This year may be our worst financial performance yet as we hit the perfect storm of commercial aviation’s collapse and the loss of a major Industrial products design-win. Nevertheless, we hired four college interns for the summer on top of two high school kids from the spring. While other companies chose to avoid interns, we embraced them. While our production levels dropped, our innovation levels shot up. And if it weren’t for the interns…I’d have never made it through the summer.
I started ranting about TV because I really don’t think that giving coupons to move to digital TVs was a good use of financial resources. But what really got me about TV upgrade and tying to our interns this summer was the interns’ response to the project I tasked them with upon arrival here:
THEM: “What color should they be?”
ME: “What? Orange. Orange doors. They need to be orange.”
THEM: “Clear would be better. Why orange?”
What comes to mind when you say “sliding orange doors?” I hope you think of Star Trek. How ironic that the generational gap in technology exists with the Star Trek TV shows! Throwing my hands in the air after the lack of Bridge decor, I had them all go and watch an old episode on Hulu one of their first afternoons at work. What they must have thought about their summer job: they were paid to watch TV on the Internet. From that request and viewing came something wonderful. From an idea, came a million ideas. From their first try, came many attempts to solve the problem of how to open the doors like the TV show. Never once did they whine about how we could have just bought a kit to do this. And even when they were forced to learn what an RMA was, they kept at it.
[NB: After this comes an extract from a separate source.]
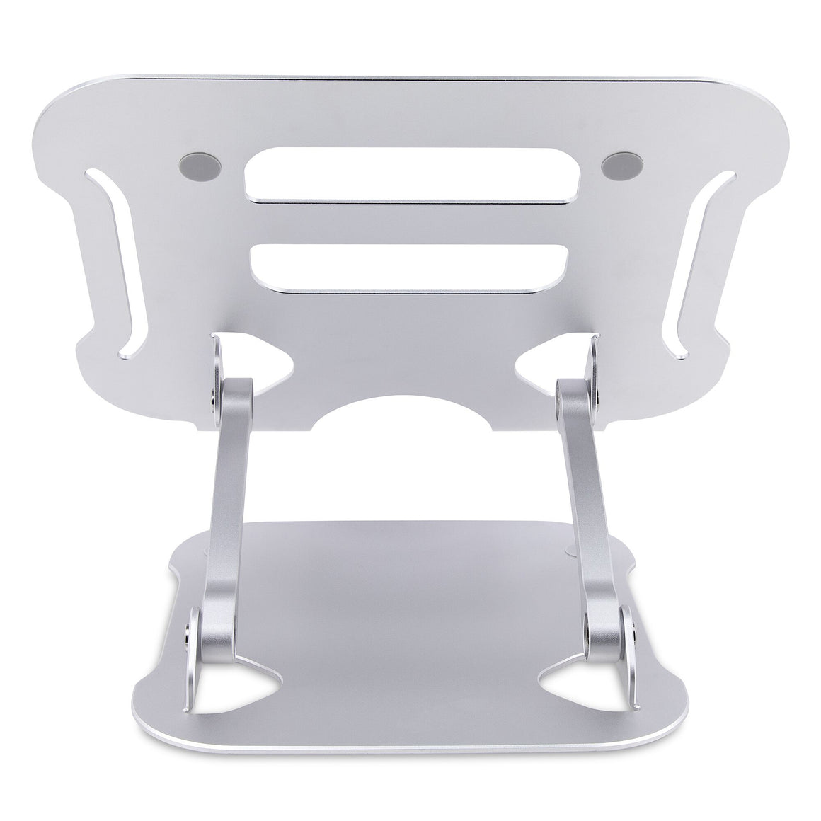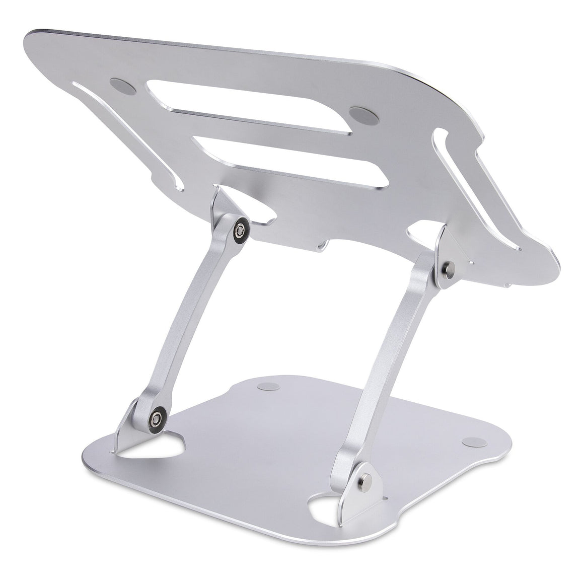The laptop riser features a silver anodized finish with aluminum construction to ensure durability and sturdiness. The vented surface area is elevated to promote passive cooling and airflow. The space underneath the laptop platform can be used to store a keyboard, mouse, and/or other accessories and peripherals when they are not in use.

http://www.youtube.com/watch?v=Qczo4unvDbU
The technology we ended up using borrows from our own network and optical test equipment including A to D boards, firmware creation, custom PCs, optical sensors, databases, and custom software to control the doors with near realtime feedback. They aren’t perfect, but they work. Yes Solomon…they work. You gave us a motor that could move my entire office around, but the doors open and close. David, the sensors work, the wires are connected, and nothing has sparked or caught fire yet (as of this writing). Who would have thought that your summer, Salil, would force you to “use what you learned in school?” We laughed together as you put into impractical use the calculations learned as a mechanical engineer. And of course we would have a video, Mike. Our ship is made of plywood, pulleys, motors, brakes, along with Warp engines, Phasers but none of it, none of it Mike…runs without software.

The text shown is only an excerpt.